═════ Source data ═════

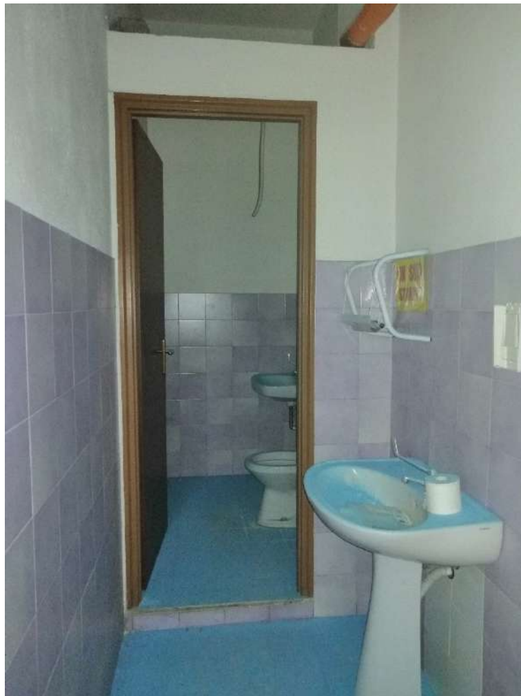
Sub 27 - 6
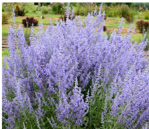
Russian Sage Salvia yangii
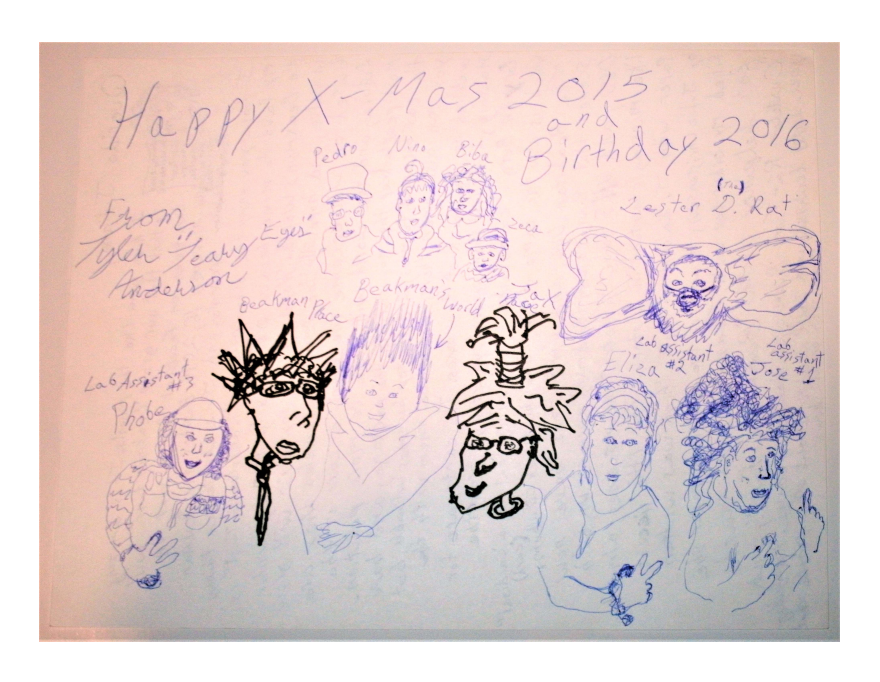
Happy X-Mas 2015 and Birthday 2016 . {Personal X-Mas greeting illustration.}
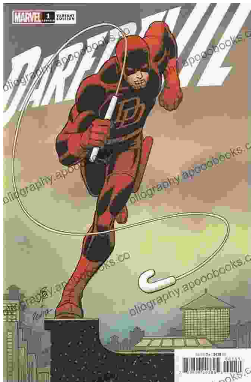
Daredevil Cover by John Romita Sr.

You'll marvel at the dynamic compositions of John Romita Sr. and the gritty realism of Frank Miller. Each page is a work of art, transporting you into the vibrant and thrilling world of Hell's Kitchen.
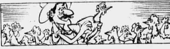
More chickens are raised in California than any other state.

TUESDAY 8/30/83 5:00AM [MAX] - 'The Wooden Horse' 6:00AM [HBO] - 'A Challenge For Robin Hood' 6:30AM [MAX] - 'Freedom Road' 7:00AM [HBO] - 'The Cowboy and the Lady' 8:00AM [HBO] - 'Smokey and the Bandit' 8:30AM [HBO] - 'The Fighter' 9:00AM [HBO] - 'Member of the Wedding' 10:00AM [HBO] - 'Barbarosa' 11:30AM [HBO] - 'Looker' 12:00PM [MAX] - 'The Godfather: Part 2' 12:30PM [MAX] - 'The Godfather: Part 2' 1:00PM [MAX] - 'The Godfather: Part 2' 1:30PM [MAX] - 'The Godfather: Part 2' 2:00PM [MAX] - 'The Godfather: Part 2' 2:30PM [MAX] - 'The Godfather: Part 2' 3:00PM [MAX] - 'The Godfather: Part 2' 3:30PM [MAX] - 'The Godfather: Part 2' 4:00PM [MAX] - 'The Godfather: Part 2' 4:30PM [MAX] - 'The Godfather: Part 2' 5:00PM [MAX] - 'The Godfather: Part 2' 5:30PM [MAX] - 'The Godfather: Part 2' 6:00PM [MAX] - 'The Godfather: Part 2' 6:30PM [MAX] - 'The Godfather: Part 2' 7:00PM [MAX] - 'The Godfather: Part 2' 7:30PM [MAX] - 'The Godfather: Part 2' 8:00PM [MAX] - 'The Godfather: Part 2' 8:30PM [MAX] - 'The Godfather: Part 2' 9:00PM [MAX] - 'The Godfather: Part 2' 9:30PM [MAX] - 'The Godfather: Part 2' 10:00PM [MAX] - 'The Godfather: Part 2' 10:30PM [MAX] - 'The Godfather: Part 2' 11:00PM [MAX] - 'The Godfather: Part 2' 11:30PM [MAX] - 'The Godfather: Part 2' 12:00AM [MAX] - 'The Godfather: Part 2'
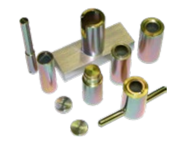
AW Late-Model Small Canister Solenoid Kit
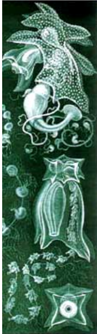
[Image above, Siphonophorae, from the drawings of biologist/artist Ernst Haeckel in public domain.]

They will contribute by creating and donating unique evening dresses inspired by the movement, color, shape and patterns of life beneath the sea.
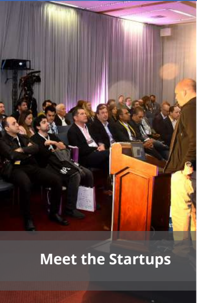
Meet the Startups

The entrepreneurs behind the most exciting tech startups anywhere present updates on their companies throughout the day.
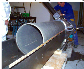
Figure 6: Extruded ECC Pipe

While reinforced concrete can be either cast-in-place in the field or precast in large molds, ECC is uniquely suited for prefabrication due to a variety of potential processing methods. Such processes can significantly improve the speed and efficiency of prefabrication, thereby enhancing sustainability through
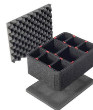
1200TPKIT TrekPak Case Divider Kit
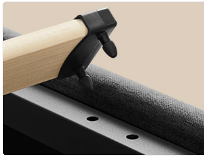
Image: Detail of the sponge pads on the frame, which prevent friction and noise.

═════

* _Exercise requirements_:
Make an exact copy of the listing. Do not carry over its pictures.

* _Answer space_:
Sub 27 - 6
Russian Sage Salvia yangii
Happy X-Mas 2015 and Birthday 2016 . {Personal X-Mas greeting illustration.}
Daredevil Cover by John Romita Sr.

You'll marvel at the dynamic compositions of John Romita Sr. and the gritty realism of Frank Miller. Each page is a work of art, transporting you into the vibrant and thrilling world of Hell's Kitchen.
More chickens are raised in California than any other state.

TUESDAY 8/30/83 5:00AM [MAX] - 'The Wooden Horse' 6:00AM [HBO] - 'A Challenge For Robin Hood' 6:30AM [MAX] - 'Freedom Road' 7:00AM [HBO] - 'The Cowboy and the Lady' 8:00AM [HBO] - 'Smokey and the Bandit' 8:30AM [HBO] - 'The Fighter' 9:00AM [HBO] - 'Member of the Wedding' 10:00AM [HBO] - 'Barbarosa' 11:30AM [HBO] - 'Looker' 12:00PM [MAX] - 'The Godfather: Part 2' 12:30PM [MAX] - 'The Godfather: Part 2' 1:00PM [MAX] - 'The Godfather: Part 2' 1:30PM [MAX] - 'The Godfather: Part 2' 2:00PM [MAX] - 'The Godfather: Part 2' 2:30PM [MAX] - 'The Godfather: Part 2' 3:00PM [MAX] - 'The Godfather: Part 2' 3:30PM [MAX] - 'The Godfather: Part 2' 4:00PM [MAX] - 'The Godfather: Part 2' 4:30PM [MAX] - 'The Godfather: Part 2' 5:00PM [MAX] - 'The Godfather: Part 2' 5:30PM [MAX] - 'The Godfather: Part 2' 6:00PM [MAX] - 'The Godfather: Part 2' 6:30PM [MAX] - 'The Godfather: Part 2' 7:00PM [MAX] - 'The Godfather: Part 2' 7:30PM [MAX] - 'The Godfather: Part 2' 8:00PM [MAX] - 'The Godfather: Part 2' 8:30PM [MAX] - 'The Godfather: Part 2' 9:00PM [MAX] - 'The Godfather: Part 2' 9:30PM [MAX] - 'The Godfather: Part 2' 10:00PM [MAX] - 'The Godfather: Part 2' 10:30PM [MAX] - 'The Godfather: Part 2' 11:00PM [MAX] - 'The Godfather: Part 2' 11:30PM [MAX] - 'The Godfather: Part 2' 12:00AM [MAX] - 'The Godfather: Part 2'
AW Late-Model Small Canister Solenoid Kit
[Image above, Siphonophorae, from the drawings of biologist/artist Ernst Haeckel in public domain.]

They will contribute by creating and donating unique evening dresses inspired by the movement, color, shape and patterns of life beneath the sea.
Meet the Startups

The entrepreneurs behind the most exciting tech startups anywhere present updates on their companies throughout the day.
Figure 6: Extruded ECC Pipe

While reinforced concrete can be either cast-in-place in the field or precast in large molds, ECC is uniquely suited for prefabrication due to a variety of potential processing methods. Such processes can significantly improve the speed and efficiency of prefabrication, thereby enhancing sustainability through
1200TPKIT TrekPak Case Divider Kit
Image: Detail of the sponge pads on the frame, which prevent friction and noise.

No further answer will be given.